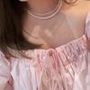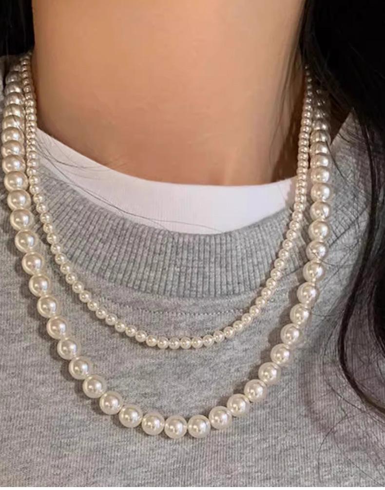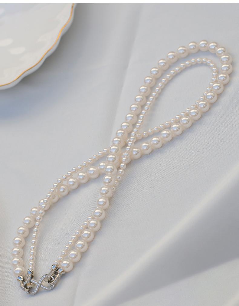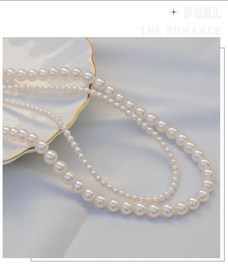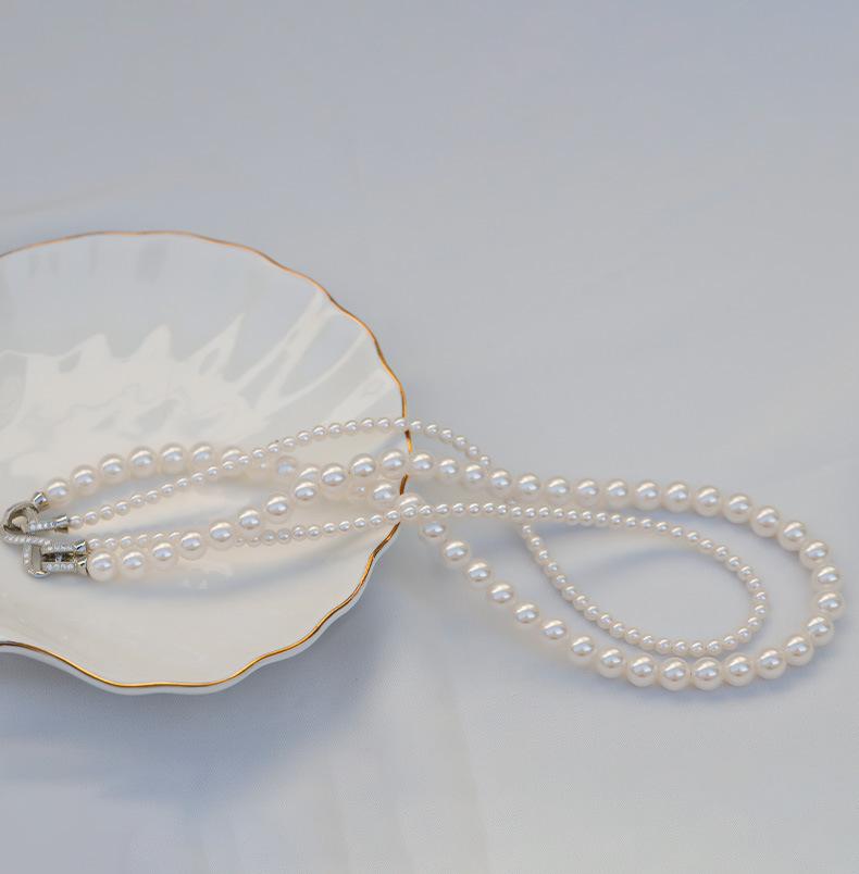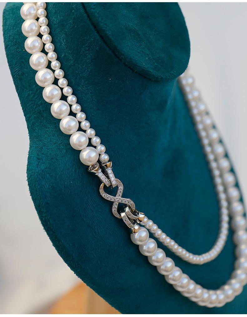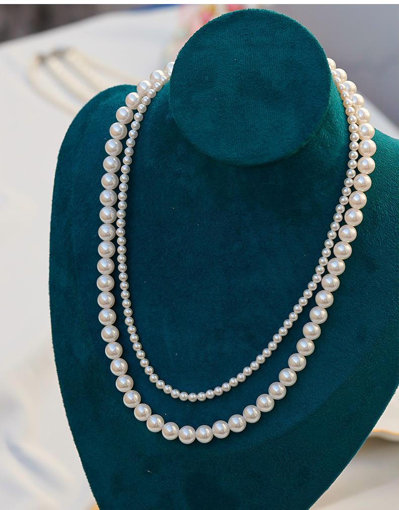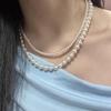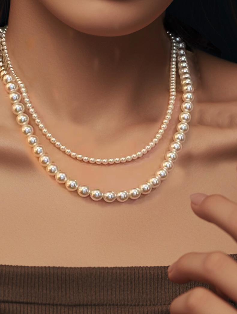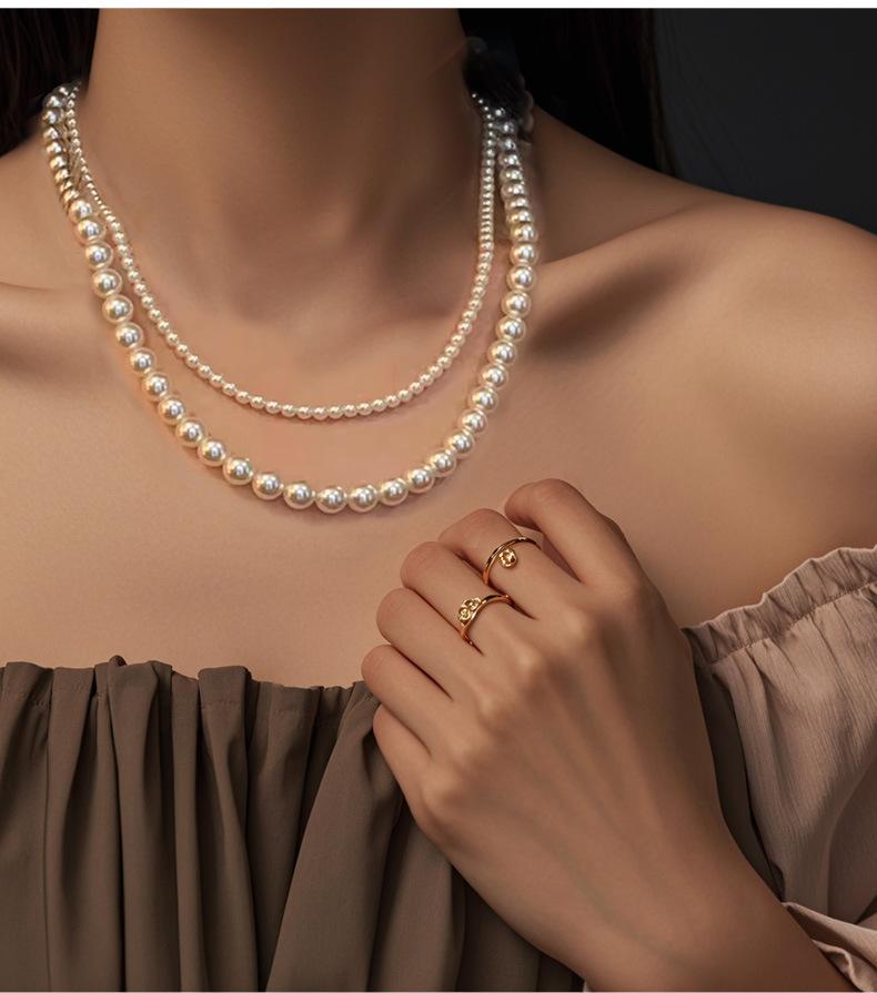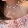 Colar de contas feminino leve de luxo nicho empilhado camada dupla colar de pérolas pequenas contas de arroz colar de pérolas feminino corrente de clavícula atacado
----------
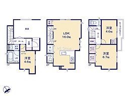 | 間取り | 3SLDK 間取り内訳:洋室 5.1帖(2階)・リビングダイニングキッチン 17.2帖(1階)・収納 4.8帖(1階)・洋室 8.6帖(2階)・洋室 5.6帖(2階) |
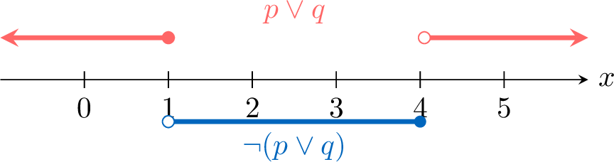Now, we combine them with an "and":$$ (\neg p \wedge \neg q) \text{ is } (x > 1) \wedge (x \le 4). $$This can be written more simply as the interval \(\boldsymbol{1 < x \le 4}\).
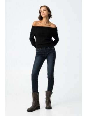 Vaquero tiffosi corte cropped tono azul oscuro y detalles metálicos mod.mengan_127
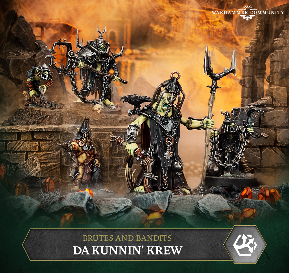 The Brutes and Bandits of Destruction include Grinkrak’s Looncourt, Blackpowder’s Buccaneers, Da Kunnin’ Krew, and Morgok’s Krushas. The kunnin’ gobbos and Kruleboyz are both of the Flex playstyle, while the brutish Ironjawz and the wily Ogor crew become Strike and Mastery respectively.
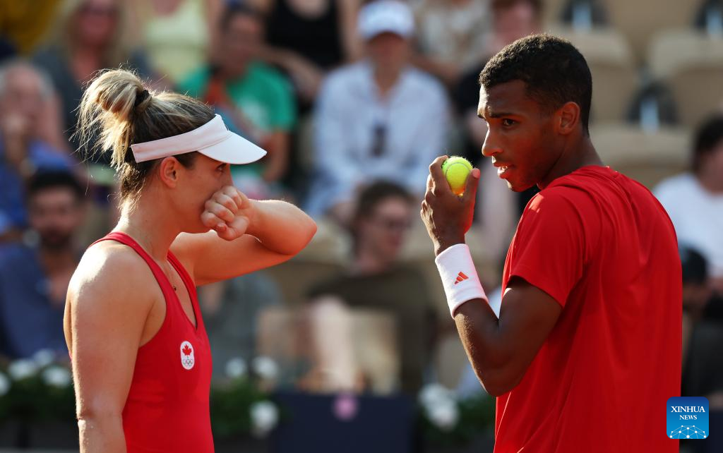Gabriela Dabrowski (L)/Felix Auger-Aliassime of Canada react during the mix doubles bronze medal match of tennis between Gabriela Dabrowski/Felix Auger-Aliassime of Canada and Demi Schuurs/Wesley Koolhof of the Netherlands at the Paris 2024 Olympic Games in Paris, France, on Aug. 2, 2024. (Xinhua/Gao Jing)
----------
What to produce
Leave the pictures out, and transcribe exactly the lines above starting at the one that contains "Now, we combine" and ending at the one that contains "Gabriela Dabrowski (L)/Felix".

Task solution
Now, we combine them with an "and":$$ (\neg p \wedge \neg q) \text{ is } (x > 1) \wedge (x \le 4). $$This can be written more simply as the interval \(\boldsymbol{1 < x \le 4}\).
 Vaquero tiffosi corte cropped tono azul oscuro y detalles metálicos mod.mengan_127
 The Brutes and Bandits of Destruction include Grinkrak’s Looncourt, Blackpowder’s Buccaneers, Da Kunnin’ Krew, and Morgok’s Krushas. The kunnin’ gobbos and Kruleboyz are both of the Flex playstyle, while the brutish Ironjawz and the wily Ogor crew become Strike and Mastery respectively.
Gabriela Dabrowski (L)/Felix Auger-Aliassime of Canada react during the mix doubles bronze medal match of tennis between Gabriela Dabrowski/Felix Auger-Aliassime of Canada and Demi Schuurs/Wesley Koolhof of the Netherlands at the Paris 2024 Olympic Games in Paris, France, on Aug. 2, 2024. (Xinhua/Gao Jing)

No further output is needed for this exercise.